1. Install dependency libraries and prepare data
Before starting training, install corresponding dependency libraries, such as PyTorch, CUDA, CUDNN, etc., and prepare training data. For details about how to perform these operations, see DDRNet official documents.
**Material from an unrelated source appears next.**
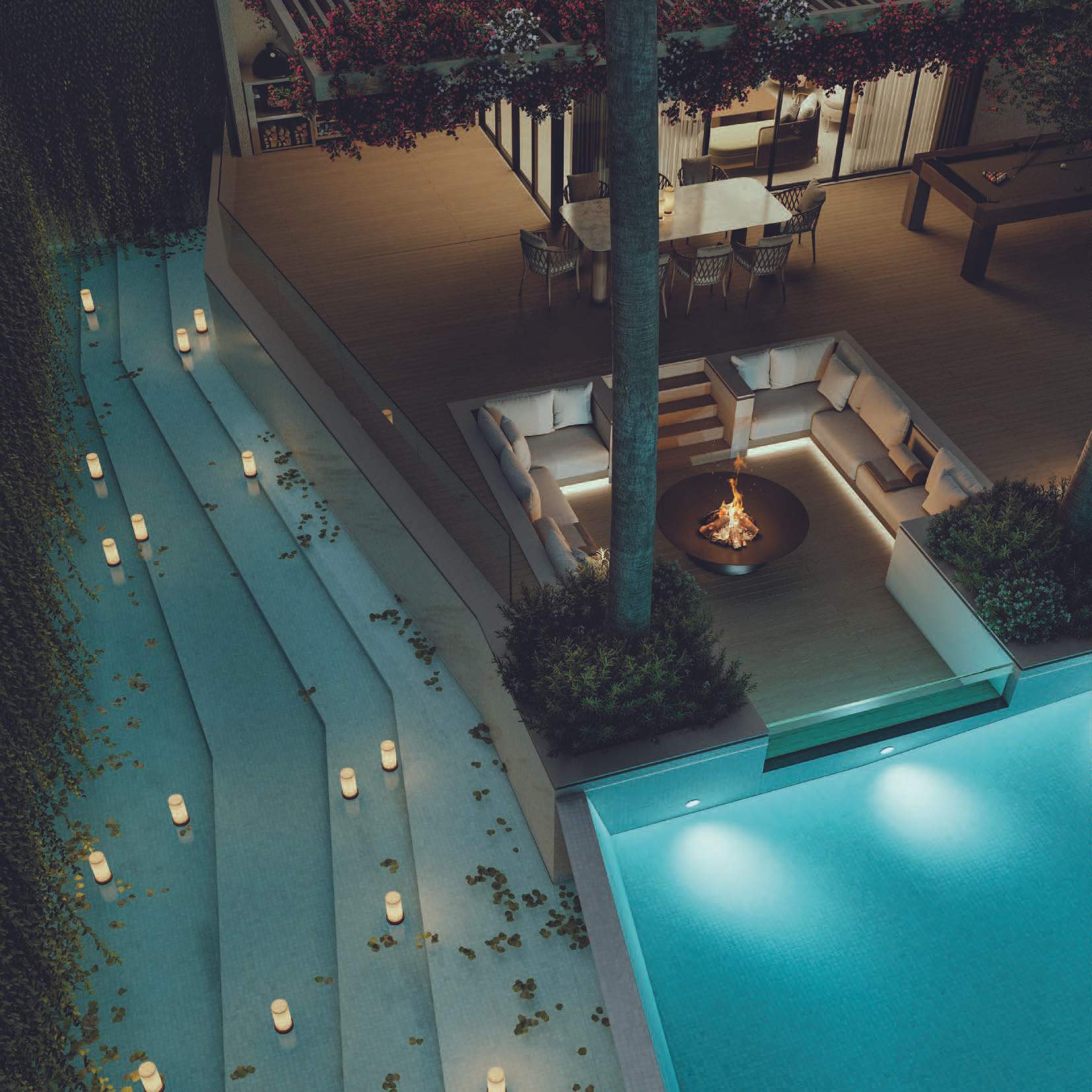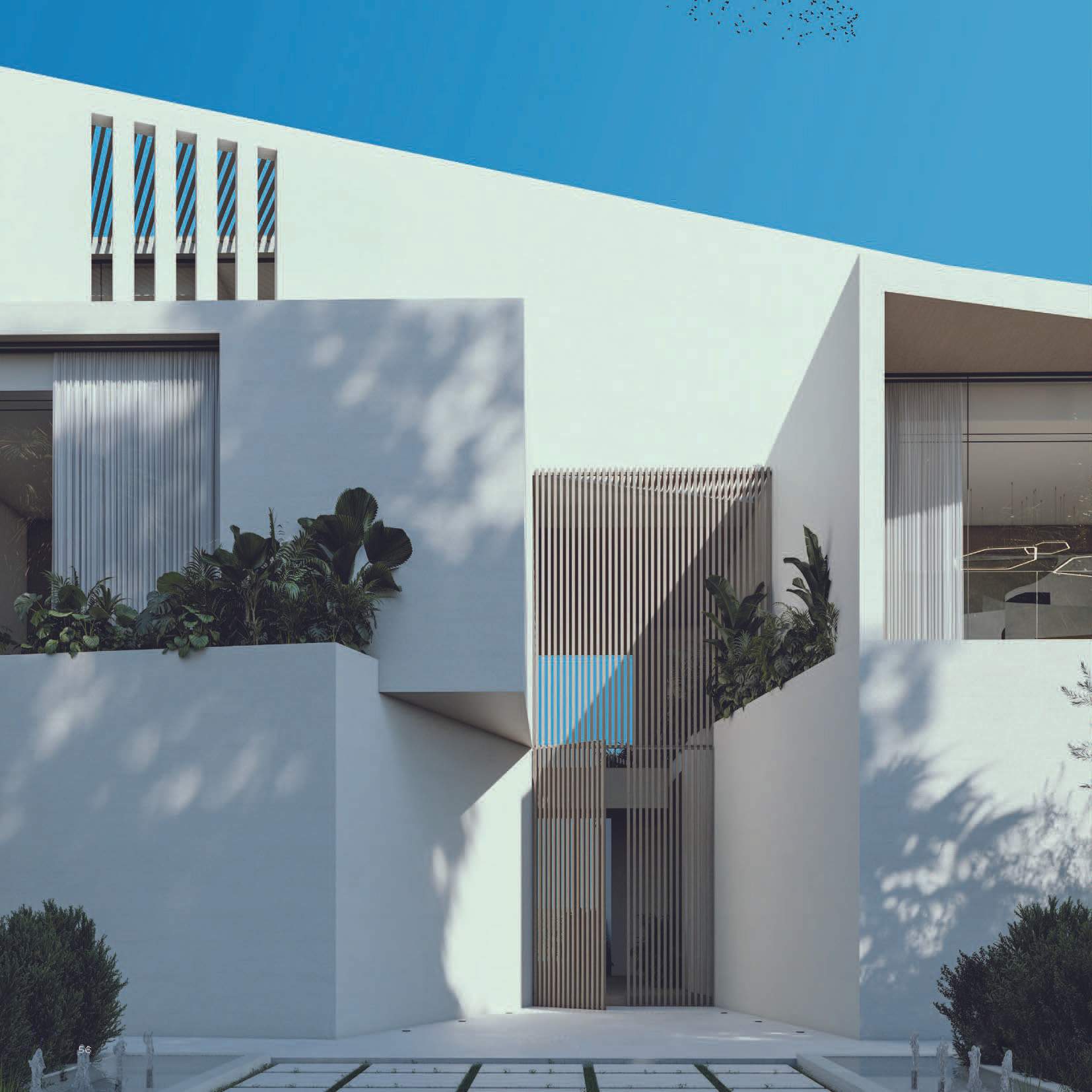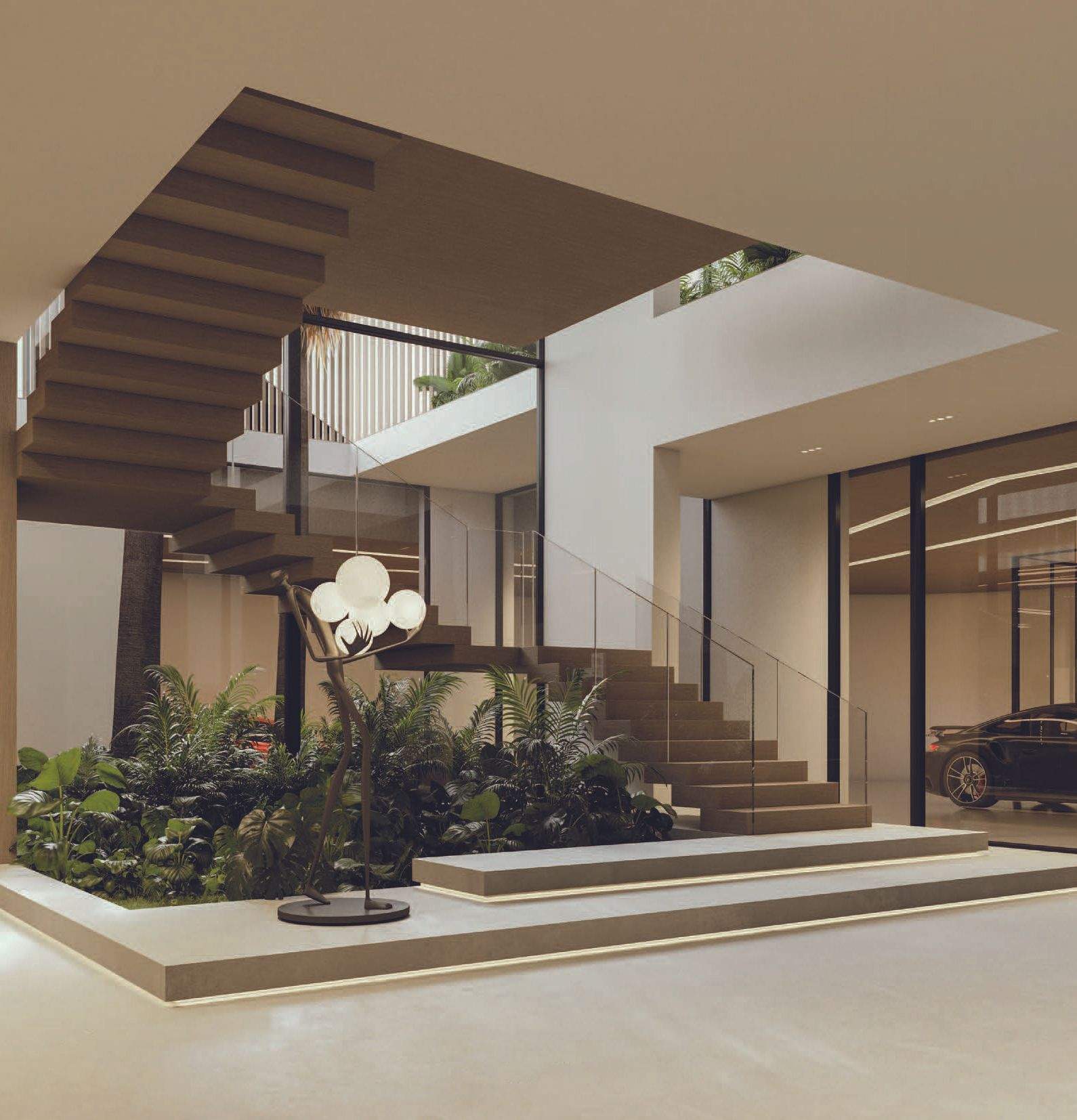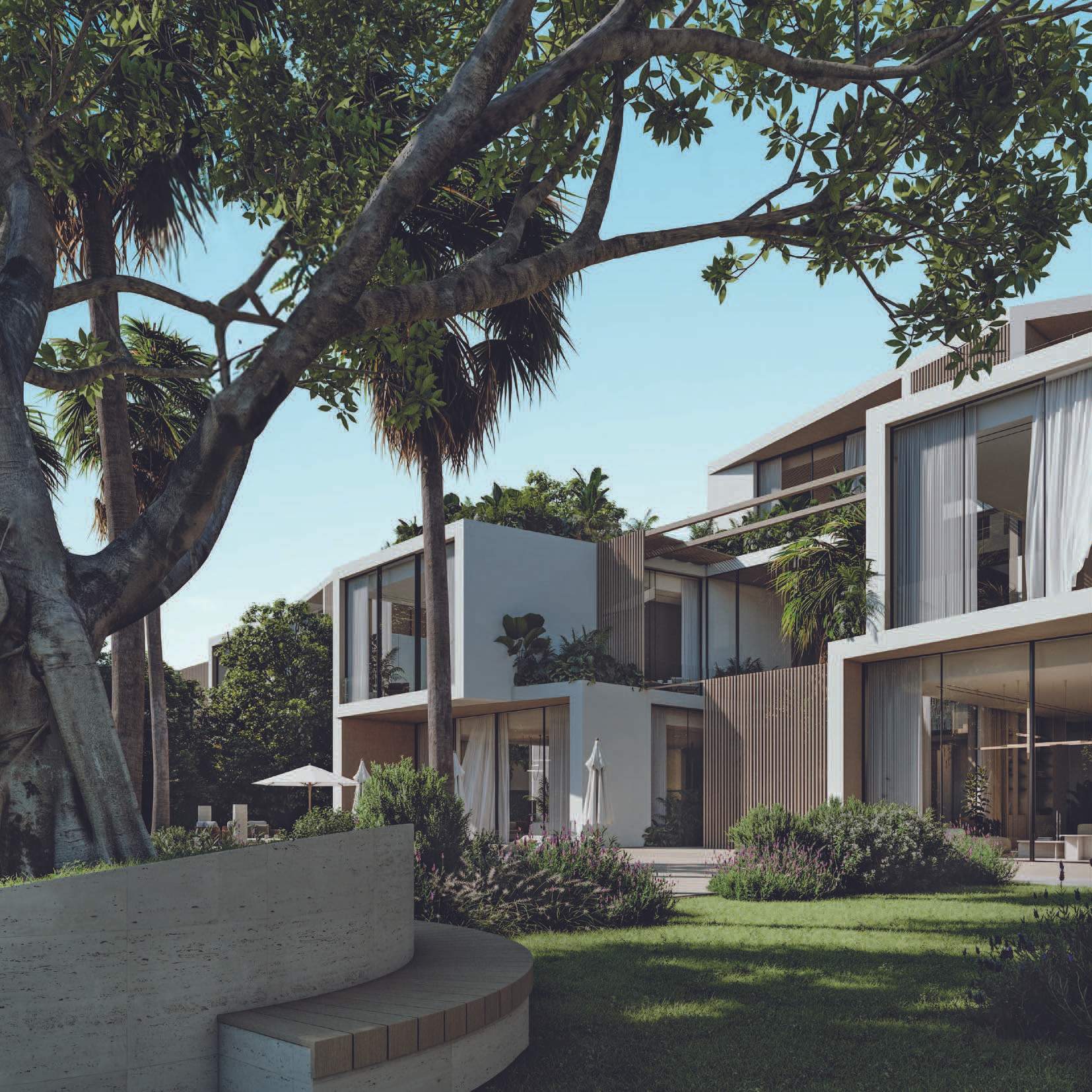 The design promotes seamless indoor-outdoor connectivity through decking, water features, and open voids. A highlight is the Summer Garden, an indoor-outdoor transitional space enhanced by automated sliding louvers. Large glazed openings and green pockets throughout the villas integrate nature into the living environment, creating a harmonious blend of luxury and natural beauty.

2. Modify the configuration file. You need to specify some parameters in the configuration file, such as data set path, learning rate, batch size, and number of training rounds. During single-card training, batch_size should be set to a smaller value to adapt to the video memory of a single card. In addition, you need to set num_gpus to 1 to indicate that only one video card will be used. Here is the code for a sample configuration file, where you need to take care to modify parameters such as the data set path:
# train config DATASET: ROOT: './data' NAME: 'cityscapes' TRAIN_SET: 'train' TEST_SET: 'val' INPUT_SIZE: [769, 769] BASE_SIZE: 769 SCALE_FACTOR: [0.5, 0.75, 1.0, 1.25, 1.5, 1.75, 2.0] CROP_SIZE: [769, 769] IGNORE_LABEL: 255 MEAN: [0.485, 0.456, 0.406] STD: [0.229, 0.224, 0.225] NUM_CLASSES: 19 TRAIN: MULTI_SCALE: True FLIP: True IGNORE_LABEL: 255 BASE_SIZE: 769 CROP_SIZE: [769, 769] BATCH_SIZE_PER_GPU: 2 NUM_WORKERS: 4 LEARNING_RATE: 0.001 MOMENTUM: 0.9 WEIGHT_DECAY: 0.0001 POWER: 0.9 MAX_ITER: 80000 WARMUP_STEPS: 1000 WARMUP_FACTOR: 1.0 / 3.0 SAVE_PRED_EVERY: 10000 SNAPSHOT_DIR: './snapshots/' LOG_DIR: './logs/' DISPLAY_INTERVAL: 20 GPU_ID: 0 NUM_GPUS: 1
3. Modify the train.py file. The
DDRNet training script is changed to the train.py file. In the train.py file, add the following code:
import torch.distributed as dist from torch.nn.parallel import DistributedDataParallel # Add this line to initialize the process group dist.init_process_group('nccl', init_method='env://') # Modify the model instantiation to use DistributedDataParallel model = DDRNet(num_classes=args.num_classes, pretrained=True) model = DistributedDataParallel(model.cuda())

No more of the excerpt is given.